Automation Best Practices

Guidelines for building effective and maintainable automations.

Naming

Use descriptive names

Names should explain what the automation does.

Good Less Clear
Create P1 for Production API Down Automation 1
Notify On-Call for Heartbeat Failure New automation
Escalate Unacked Incidents Alert handler

Include key details

Consider including:

  • The trigger type
  • Any key conditions
  • The primary action

Starting Simple

Begin with basic automations

Start with straightforward rules before adding complexity:

  1. Single trigger
  2. No conditions (or one simple condition)
  3. One action

Example progression:

  1. Week 1: Monitor down → Create incident
  2. Week 2: Add condition for production monitors only
  3. Week 3: Add delayed notification action

Conditions

Be specific

Use conditions to prevent false triggers and unwanted noise.

Approach Result
No conditions Every monitor triggers
name contains “Production” Only production monitors
monitorType == HTTP Only HTTP monitors

Combine thoughtfully

When using multiple conditions, consider whether you need AND (all must match) or OR (any can match).

Actions

Order matters

Actions execute sequentially.

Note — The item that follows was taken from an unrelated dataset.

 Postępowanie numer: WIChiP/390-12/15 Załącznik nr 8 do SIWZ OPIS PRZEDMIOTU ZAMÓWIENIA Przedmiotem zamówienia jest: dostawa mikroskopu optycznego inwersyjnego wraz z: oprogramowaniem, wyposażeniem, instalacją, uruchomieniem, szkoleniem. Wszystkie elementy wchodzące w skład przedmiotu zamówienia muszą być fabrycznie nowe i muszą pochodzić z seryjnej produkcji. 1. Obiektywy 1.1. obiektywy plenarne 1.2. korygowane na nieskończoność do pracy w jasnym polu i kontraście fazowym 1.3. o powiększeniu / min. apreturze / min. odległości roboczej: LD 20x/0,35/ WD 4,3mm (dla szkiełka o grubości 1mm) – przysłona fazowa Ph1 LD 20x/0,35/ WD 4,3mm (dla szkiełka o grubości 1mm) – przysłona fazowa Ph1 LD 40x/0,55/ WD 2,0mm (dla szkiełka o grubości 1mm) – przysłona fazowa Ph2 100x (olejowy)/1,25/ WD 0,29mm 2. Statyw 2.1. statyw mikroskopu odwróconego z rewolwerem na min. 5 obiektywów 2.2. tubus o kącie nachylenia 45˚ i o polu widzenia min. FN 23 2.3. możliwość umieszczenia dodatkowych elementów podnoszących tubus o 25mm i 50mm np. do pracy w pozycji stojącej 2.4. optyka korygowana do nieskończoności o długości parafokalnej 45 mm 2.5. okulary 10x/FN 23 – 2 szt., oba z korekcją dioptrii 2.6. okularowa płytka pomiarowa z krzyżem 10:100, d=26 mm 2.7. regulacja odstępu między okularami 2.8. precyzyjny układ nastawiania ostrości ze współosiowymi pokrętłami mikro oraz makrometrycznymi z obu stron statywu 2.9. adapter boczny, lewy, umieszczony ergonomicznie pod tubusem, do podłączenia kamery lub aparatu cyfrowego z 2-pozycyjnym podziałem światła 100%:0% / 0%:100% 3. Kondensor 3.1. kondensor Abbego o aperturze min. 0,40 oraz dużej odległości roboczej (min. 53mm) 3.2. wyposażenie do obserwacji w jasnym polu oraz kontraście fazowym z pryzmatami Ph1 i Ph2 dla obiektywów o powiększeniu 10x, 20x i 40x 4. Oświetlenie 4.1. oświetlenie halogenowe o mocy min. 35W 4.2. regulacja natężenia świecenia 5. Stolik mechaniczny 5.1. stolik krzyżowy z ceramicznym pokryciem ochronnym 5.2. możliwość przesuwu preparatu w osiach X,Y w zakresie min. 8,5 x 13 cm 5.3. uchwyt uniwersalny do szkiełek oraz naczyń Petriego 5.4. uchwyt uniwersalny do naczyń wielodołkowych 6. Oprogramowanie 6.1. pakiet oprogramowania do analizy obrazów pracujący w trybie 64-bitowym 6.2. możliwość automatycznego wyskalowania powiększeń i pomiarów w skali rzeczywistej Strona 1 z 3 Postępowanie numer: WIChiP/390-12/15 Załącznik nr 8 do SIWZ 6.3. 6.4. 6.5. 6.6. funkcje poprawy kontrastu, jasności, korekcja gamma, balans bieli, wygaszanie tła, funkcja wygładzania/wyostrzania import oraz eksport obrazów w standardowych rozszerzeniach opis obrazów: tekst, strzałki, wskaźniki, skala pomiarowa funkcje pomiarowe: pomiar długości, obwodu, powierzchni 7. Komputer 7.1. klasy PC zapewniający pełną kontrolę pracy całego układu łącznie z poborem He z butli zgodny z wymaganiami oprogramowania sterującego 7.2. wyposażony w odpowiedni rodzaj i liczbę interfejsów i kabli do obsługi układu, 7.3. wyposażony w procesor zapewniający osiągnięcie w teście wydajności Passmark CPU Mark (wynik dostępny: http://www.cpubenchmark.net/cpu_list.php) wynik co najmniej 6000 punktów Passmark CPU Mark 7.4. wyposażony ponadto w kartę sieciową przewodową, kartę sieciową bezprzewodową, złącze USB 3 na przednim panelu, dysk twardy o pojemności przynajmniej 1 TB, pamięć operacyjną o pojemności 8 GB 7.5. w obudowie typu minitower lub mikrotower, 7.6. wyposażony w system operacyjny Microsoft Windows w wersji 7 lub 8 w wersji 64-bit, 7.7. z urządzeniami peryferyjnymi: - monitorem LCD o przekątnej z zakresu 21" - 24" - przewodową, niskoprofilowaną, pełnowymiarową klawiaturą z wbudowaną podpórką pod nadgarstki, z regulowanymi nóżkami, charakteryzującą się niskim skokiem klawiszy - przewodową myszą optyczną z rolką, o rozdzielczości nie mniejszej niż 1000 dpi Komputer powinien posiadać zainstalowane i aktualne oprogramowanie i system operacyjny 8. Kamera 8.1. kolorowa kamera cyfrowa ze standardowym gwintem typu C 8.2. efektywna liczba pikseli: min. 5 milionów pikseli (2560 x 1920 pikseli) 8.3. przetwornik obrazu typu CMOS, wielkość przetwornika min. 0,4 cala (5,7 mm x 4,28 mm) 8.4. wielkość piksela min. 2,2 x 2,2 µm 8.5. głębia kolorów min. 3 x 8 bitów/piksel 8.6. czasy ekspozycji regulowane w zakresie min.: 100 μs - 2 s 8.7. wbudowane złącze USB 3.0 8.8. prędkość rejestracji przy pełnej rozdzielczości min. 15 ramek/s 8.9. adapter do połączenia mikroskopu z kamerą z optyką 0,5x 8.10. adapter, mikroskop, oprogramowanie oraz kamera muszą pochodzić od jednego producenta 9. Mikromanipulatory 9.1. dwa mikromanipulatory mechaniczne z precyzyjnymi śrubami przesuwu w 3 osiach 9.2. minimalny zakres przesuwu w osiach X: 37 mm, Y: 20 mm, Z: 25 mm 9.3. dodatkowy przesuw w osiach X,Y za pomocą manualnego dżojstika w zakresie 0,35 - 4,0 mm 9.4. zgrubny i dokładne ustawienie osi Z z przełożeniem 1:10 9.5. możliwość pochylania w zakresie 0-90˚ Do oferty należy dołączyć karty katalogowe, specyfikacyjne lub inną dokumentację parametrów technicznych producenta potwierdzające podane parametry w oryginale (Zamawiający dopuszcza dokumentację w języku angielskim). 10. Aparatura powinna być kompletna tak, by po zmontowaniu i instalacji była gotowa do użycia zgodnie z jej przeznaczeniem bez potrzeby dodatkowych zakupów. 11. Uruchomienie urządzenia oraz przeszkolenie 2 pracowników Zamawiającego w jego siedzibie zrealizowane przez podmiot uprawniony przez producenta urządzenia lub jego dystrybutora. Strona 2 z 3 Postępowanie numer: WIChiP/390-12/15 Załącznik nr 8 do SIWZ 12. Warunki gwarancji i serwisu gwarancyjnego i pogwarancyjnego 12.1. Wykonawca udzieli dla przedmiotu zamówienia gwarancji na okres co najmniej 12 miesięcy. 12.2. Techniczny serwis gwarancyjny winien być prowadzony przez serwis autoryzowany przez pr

Put the most critical action first.

Example order:

  1. Create incident (document immediately)
  2. Set delay (allow auto-recovery time)
  3. Send notification (escalate if still down)

Use delays wisely

Delays help prevent:

  • Alert fatigue from brief outages
  • Premature escalation
  • Notification storms

Testing

Use draft status

Keep automations in draft while developing. Only publish when ready.

Verify conditions

Ensure conditions filter correctly:

  • Test with events that should trigger
  • Test with events that should not trigger

Check actions

Verify action configuration:

  • Correct recipients for notifications
  • Appropriate severity for incidents
  • Reasonable delay durations

Maintenance

Review regularly

Periodically review automations to ensure they:

  • Still match your operational needs
  • Use current team members as recipients
  • Reference active monitors

Update when things change

Update automations when:

  • Team structure changes
  • New monitors are added
  • Escalation policies change

Common Patterns

Tiered Response

Multiple automations with different conditions:

Automation Condition Action
Critical Response name contains “Production” P1 incident + immediate notification
Standard Response name contains “Staging” P3 incident

Delayed Escalation

Single automation with delay:

  1. Create incident
  2. Wait 5 minutes
  3. Send escalation notification

What to Avoid

Over-automation

Don’t automate everything immediately. Start with high-value, frequently occurring scenarios.

Complex chains

Keep action chains short. More than 3-4 actions may indicate the need for separate automations.

Broad triggers without conditions

Always consider adding conditions to limit scope and reduce noise.